Author’s Note: The following was originally written as an epilogue to Season One of Diablerie LARP. The finale game resolved with several characters dying to a demon in a house fire and either making deals with an unknown entity to return to the world of the living, or remaining trapped between worlds as ghosts.
By the time that the firetrucks arrived at Elizabeth’s apartment, the inferno had already reduced the building to little more than a flaming shell. A tragedy, for sure, but a mundane one. Just another house fire that had gone too far.
The ruins would smolder for days, the embers throwing off heat and smoke that made any rescue attempts impossible.

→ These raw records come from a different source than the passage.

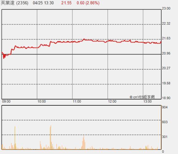 筆電代工英業達(2356-TW)今年以來利多不斷,近日又傳出接獲Google資料中心訂單,加上先前的蘋果iWatch訂單利多,英業達今(9)日股價再度表態強攻,領先大盤率先衝高,盤中漲幅達 1 %以上,穩步沿 5 日線上攻。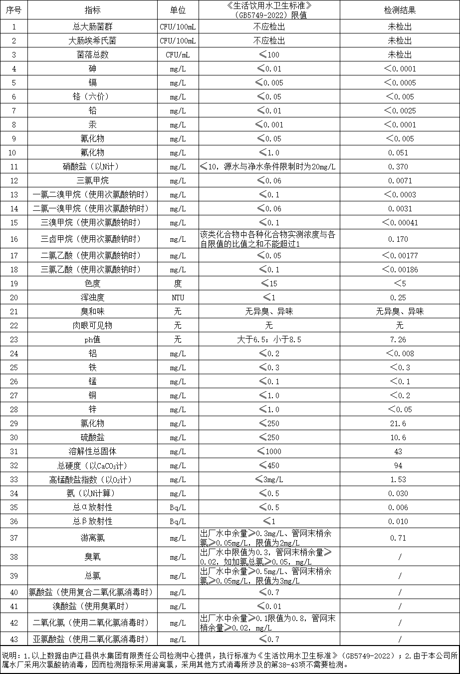2025年2月2日出厂水水质公告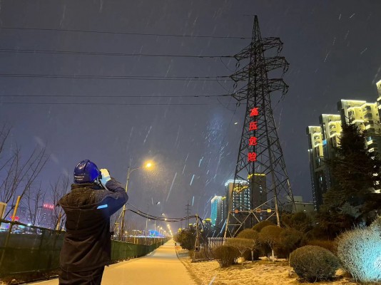 正月初六上午8时许,张鹏踩着积雪拿着望远镜观测远处的铁塔设备,对重点线路的输电线路通道和塔上的防震锤、绝缘子进行了重点检查。“为防止恶劣天气影响设备健康状态,我们利用无人机和红外测温设备,对重要负荷线路、‘三跨’区段线路及牵引站线路开展精细化巡检,全力排查和消除隐患,确保设备在春节期间稳定运行。”张鹏告诉记者,巡检队伍由10人组成,分为5组,一组巡视珲春市、图们市、汪清县方向的输电线路,二组巡视敦化市、安图县、龙井市方向的输电电路,三组巡视延吉市、和龙市方向的输电线路,剩余两组主要负责对易覆冰线路、“三跨”线路等进行重点巡视。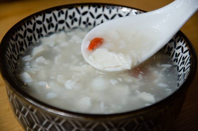 醉豆花,也就是醪糟味的豆花,加了枸杞,解辣的同时又不会很甜。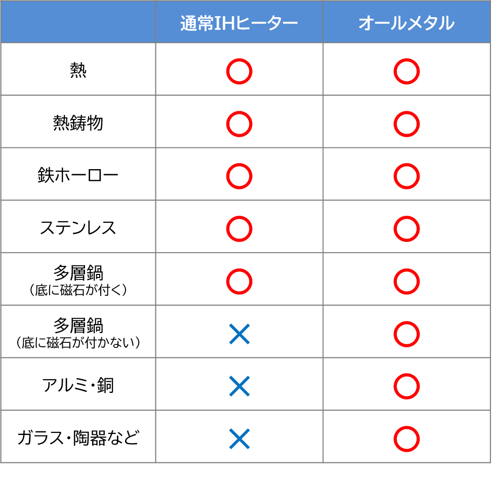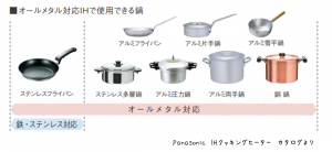 オールメタル対応IHとはその名の通り、すべての金属製調理器具が使用できるIHです。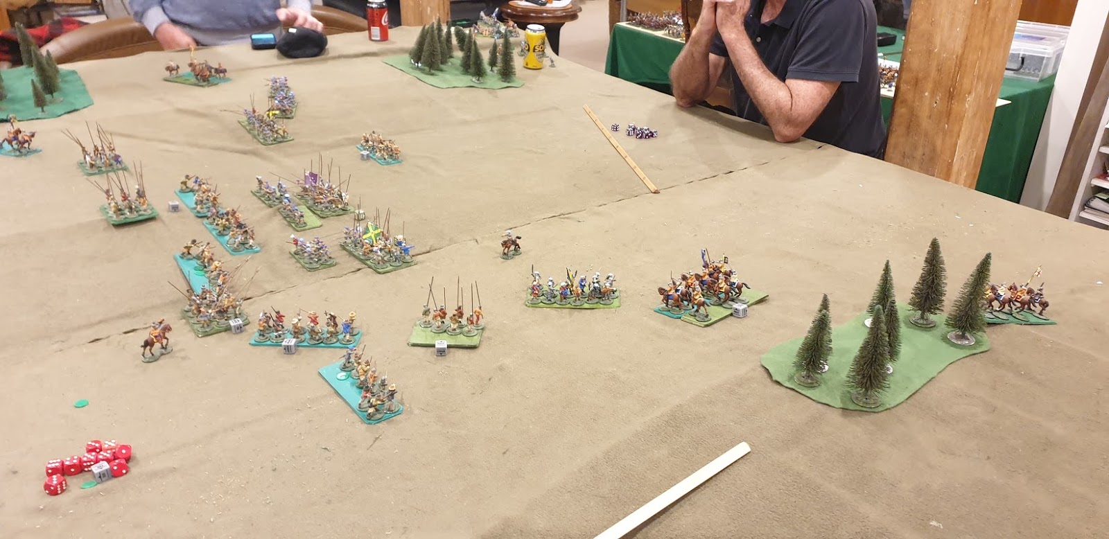 The English are on the left. In the first turn they held back their foot & their extra heavy cavalry on their left & pushed forward on their right. The Scots made a general advance, a bit disrupted by a command failure in the centre. Half their left flank cavalry have pulled back behind the wood on the right, other half is on the flank of the highlanders.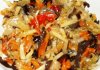Необходимые продукты для приготовления: кальмары, лук репчатый, морковка, растительное масло, лавровый лист – две штучки, перец молотый, соль.
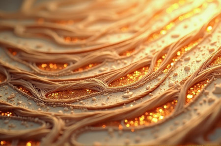 Abstract golden waves with glowing texture in warm light. That the image is generated using AI.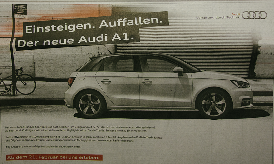 Meine lautet: Selbst wenn es das einzigste Automobil weltweit sein sollte. Mir feilgeboten mit Mörderrabatt oder Lotteriegewinn. In diesen Audi A1 werde ich niemals einsteigen. Und nicht auffallen – schon gar nicht mit einem A1.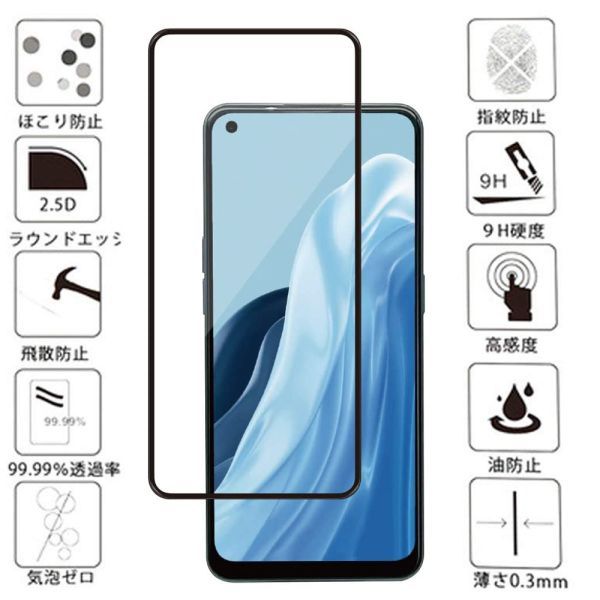 - 黒 2枚入り OPPO Reno7 A 強化 ガラス フィルム OPG04 CPH2353 液晶 保護 画面 スクリーン カバー シール シート スクリーン9H オポ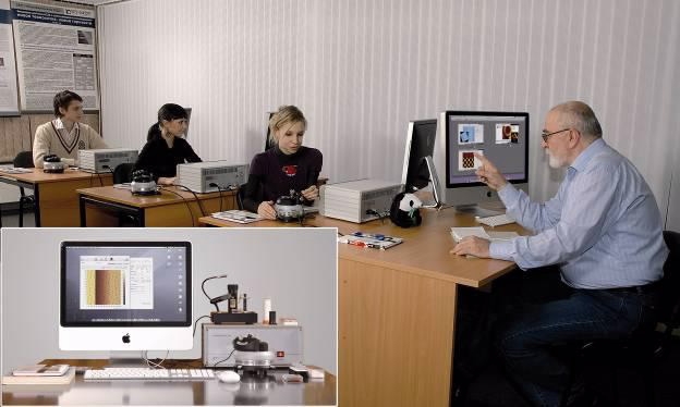 The scientific training laboratory developed by NT-MDT is a class equipped with several sets of training Scanning Probe Microscopes NanoEducator. In the process of training the students learn the practical basis of nanotechnology. All the microscopes in the class are networked. The networking allows a teacher to monitor and control the process of investigation of nanosized objects by a student in the class with high comfort and educational level.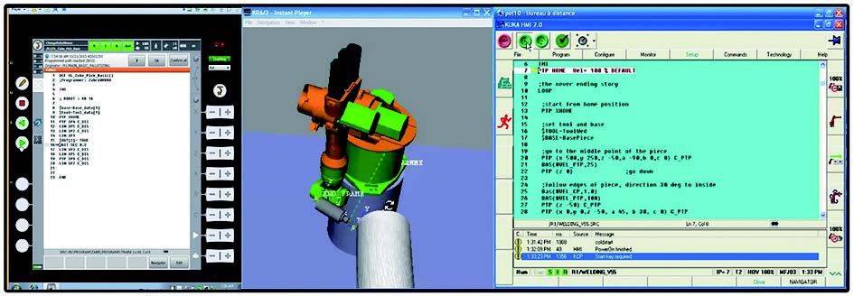首先打開虛擬機(jī) VMWare Work station,在虛擬機(jī)內(nèi)部的虛擬系統(tǒng)環(huán)境下運(yùn)行 KUKA Officelite 軟件。然后查看虛擬機(jī)的 IP 地址,在 SimPro2.2 軟件的 KRC 選項(xiàng)中,修改VRC Host 為虛擬機(jī) 的 IP 地址,Configuration 選擇與實(shí)際設(shè)備一致的 KRC2- KR30HA_3 -FLOOR。點(diǎn)擊左下角 KR30HAAction 欄 下 的 Download RSL 按 鈕, 虛 擬 機(jī) 中 的 KUKAOfficelite 軟件已經(jīng)自動運(yùn)行,如圖 5 所示。KUKA Officelite軟件自動把離線編程的動作編譯成 KRC 機(jī)器人控制器內(nèi)可調(diào)用的程序,儲存在 Program 文件夾下,將兩個文件拷貝到KRC 控制器中。

The fire department reminded everyone of the importance of regularly checking their smoke detectors, as if it would have made any difference.
Those who knew about the ill-fated Halloween party counted themselves lucky not to have been there, although even some of those who had missed it would never be the same again.
In the weeks that would follow, a few of the neighbors would swear that they’d heard screams coming from deep within the building the night that it burned, but none of them bothered to hope that anyone would be pulled out of the rubble alive. With no face to put to the tragedy, Elizabeth’s final screams would soon only be remembered when someone wanted to brag about the grisly things they swore they’d lived through.
Even then, it wouldn’t be much of a story.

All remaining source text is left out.